PROBLEM DESCRIPTION:
Only an exact repetition of every entry counts as the answer.

INFORMATION:
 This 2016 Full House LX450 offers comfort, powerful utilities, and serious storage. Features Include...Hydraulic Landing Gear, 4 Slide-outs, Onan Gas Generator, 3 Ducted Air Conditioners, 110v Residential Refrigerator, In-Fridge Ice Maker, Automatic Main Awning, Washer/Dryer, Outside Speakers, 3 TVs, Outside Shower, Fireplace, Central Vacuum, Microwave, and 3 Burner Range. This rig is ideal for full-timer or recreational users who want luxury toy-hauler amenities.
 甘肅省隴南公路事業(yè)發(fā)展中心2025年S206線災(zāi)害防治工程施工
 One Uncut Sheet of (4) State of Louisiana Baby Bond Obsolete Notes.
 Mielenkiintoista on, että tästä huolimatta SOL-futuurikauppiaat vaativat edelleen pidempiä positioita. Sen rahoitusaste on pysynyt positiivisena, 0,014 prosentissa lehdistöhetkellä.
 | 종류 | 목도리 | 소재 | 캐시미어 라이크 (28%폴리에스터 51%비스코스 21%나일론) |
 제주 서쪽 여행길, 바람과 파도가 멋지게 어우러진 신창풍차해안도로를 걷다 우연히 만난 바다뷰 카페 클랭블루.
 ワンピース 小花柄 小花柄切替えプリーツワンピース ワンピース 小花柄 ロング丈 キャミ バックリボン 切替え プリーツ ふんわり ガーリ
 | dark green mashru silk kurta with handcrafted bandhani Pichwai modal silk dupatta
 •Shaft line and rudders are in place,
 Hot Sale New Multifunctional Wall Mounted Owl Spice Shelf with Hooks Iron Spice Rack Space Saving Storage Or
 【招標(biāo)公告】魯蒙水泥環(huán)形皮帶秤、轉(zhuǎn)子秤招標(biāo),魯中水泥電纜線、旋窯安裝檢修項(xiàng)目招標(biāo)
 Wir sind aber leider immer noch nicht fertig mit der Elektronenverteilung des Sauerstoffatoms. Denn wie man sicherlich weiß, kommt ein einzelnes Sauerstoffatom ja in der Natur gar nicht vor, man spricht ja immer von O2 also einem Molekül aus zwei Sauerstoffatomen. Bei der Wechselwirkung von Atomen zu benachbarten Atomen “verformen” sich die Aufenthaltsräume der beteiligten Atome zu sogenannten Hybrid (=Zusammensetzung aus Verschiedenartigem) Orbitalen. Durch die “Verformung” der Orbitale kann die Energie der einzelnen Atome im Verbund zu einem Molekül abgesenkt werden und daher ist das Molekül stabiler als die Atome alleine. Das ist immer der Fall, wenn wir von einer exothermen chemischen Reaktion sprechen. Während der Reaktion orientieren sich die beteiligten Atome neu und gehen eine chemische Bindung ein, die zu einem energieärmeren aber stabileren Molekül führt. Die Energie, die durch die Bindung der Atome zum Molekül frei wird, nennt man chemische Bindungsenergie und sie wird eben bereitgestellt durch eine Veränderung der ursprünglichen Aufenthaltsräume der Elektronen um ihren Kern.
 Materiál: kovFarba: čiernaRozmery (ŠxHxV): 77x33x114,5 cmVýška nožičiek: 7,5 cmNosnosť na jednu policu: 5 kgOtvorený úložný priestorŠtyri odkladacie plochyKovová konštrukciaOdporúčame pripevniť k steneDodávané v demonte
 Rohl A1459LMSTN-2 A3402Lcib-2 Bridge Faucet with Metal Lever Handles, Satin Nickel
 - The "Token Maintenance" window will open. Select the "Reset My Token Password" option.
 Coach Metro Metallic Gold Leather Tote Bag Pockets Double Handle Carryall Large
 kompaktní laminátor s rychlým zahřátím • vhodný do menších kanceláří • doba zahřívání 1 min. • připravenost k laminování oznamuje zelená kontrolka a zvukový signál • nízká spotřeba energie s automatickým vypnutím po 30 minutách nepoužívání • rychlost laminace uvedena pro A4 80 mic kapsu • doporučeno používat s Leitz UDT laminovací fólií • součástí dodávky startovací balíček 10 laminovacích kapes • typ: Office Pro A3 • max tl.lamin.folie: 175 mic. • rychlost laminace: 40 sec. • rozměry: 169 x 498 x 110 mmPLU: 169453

WRITTEN REPLY:
 This 2016 Full House LX450 offers comfort, powerful utilities, and serious storage. Features Include...Hydraulic Landing Gear, 4 Slide-outs, Onan Gas Generator, 3 Ducted Air Conditioners, 110v Residential Refrigerator, In-Fridge Ice Maker, Automatic Main Awning, Washer/Dryer, Outside Speakers, 3 TVs, Outside Shower, Fireplace, Central Vacuum, Microwave, and 3 Burner Range. This rig is ideal for full-timer or recreational users who want luxury toy-hauler amenities.
 甘肅省隴南公路事業(yè)發(fā)展中心2025年S206線災(zāi)害防治工程施工
 One Uncut Sheet of (4) State of Louisiana Baby Bond Obsolete Notes.
 Mielenkiintoista on, että tästä huolimatta SOL-futuurikauppiaat vaativat edelleen pidempiä positioita. Sen rahoitusaste on pysynyt positiivisena, 0,014 prosentissa lehdistöhetkellä.
 | 종류 | 목도리 | 소재 | 캐시미어 라이크 (28%폴리에스터 51%비스코스 21%나일론) |
 제주 서쪽 여행길, 바람과 파도가 멋지게 어우러진 신창풍차해안도로를 걷다 우연히 만난 바다뷰 카페 클랭블루.
 ワンピース 小花柄 小花柄切替えプリーツワンピース ワンピース 小花柄 ロング丈 キャミ バックリボン 切替え プリーツ ふんわり ガーリ
 | dark green mashru silk kurta with handcrafted bandhani Pichwai modal silk dupatta
 •Shaft line and rudders are in place,
 Hot Sale New Multifunctional Wall Mounted Owl Spice Shelf with Hooks Iron Spice Rack Space Saving Storage Or
 【招標(biāo)公告】魯蒙水泥環(huán)形皮帶秤、轉(zhuǎn)子秤招標(biāo),魯中水泥電纜線、旋窯安裝檢修項(xiàng)目招標(biāo)
 Wir sind aber leider immer noch nicht fertig mit der Elektronenverteilung des Sauerstoffatoms. Denn wie man sicherlich weiß, kommt ein einzelnes Sauerstoffatom ja in der Natur gar nicht vor, man spricht ja immer von O2 also einem Molekül aus zwei Sauerstoffatomen. Bei der Wechselwirkung von Atomen zu benachbarten Atomen “verformen” sich die Aufenthaltsräume der beteiligten Atome zu sogenannten Hybrid (=Zusammensetzung aus Verschiedenartigem) Orbitalen. Durch die “Verformung” der Orbitale kann die Energie der einzelnen Atome im Verbund zu einem Molekül abgesenkt werden und daher ist das Molekül stabiler als die Atome alleine. Das ist immer der Fall, wenn wir von einer exothermen chemischen Reaktion sprechen. Während der Reaktion orientieren sich die beteiligten Atome neu und gehen eine chemische Bindung ein, die zu einem energieärmeren aber stabileren Molekül führt. Die Energie, die durch die Bindung der Atome zum Molekül frei wird, nennt man chemische Bindungsenergie und sie wird eben bereitgestellt durch eine Veränderung der ursprünglichen Aufenthaltsräume der Elektronen um ihren Kern.
 Materiál: kovFarba: čiernaRozmery (ŠxHxV): 77x33x114,5 cmVýška nožičiek: 7,5 cmNosnosť na jednu policu: 5 kgOtvorený úložný priestorŠtyri odkladacie plochyKovová konštrukciaOdporúčame pripevniť k steneDodávané v demonte
 Rohl A1459LMSTN-2 A3402Lcib-2 Bridge Faucet with Metal Lever Handles, Satin Nickel
 - The "Token Maintenance" window will open. Select the "Reset My Token Password" option.
 Coach Metro Metallic Gold Leather Tote Bag Pockets Double Handle Carryall Large
 kompaktní laminátor s rychlým zahřátím • vhodný do menších kanceláří • doba zahřívání 1 min. • připravenost k laminování oznamuje zelená kontrolka a zvukový signál • nízká spotřeba energie s automatickým vypnutím po 30 minutách nepoužívání • rychlost laminace uvedena pro A4 80 mic kapsu • doporučeno používat s Leitz UDT laminovací fólií • součástí dodávky startovací balíček 10 laminovacích kapes • typ: Office Pro A3 • max tl.lamin.folie: 175 mic. • rychlost laminace: 40 sec. • rozměry: 169 x 498 x 110 mmPLU: 169453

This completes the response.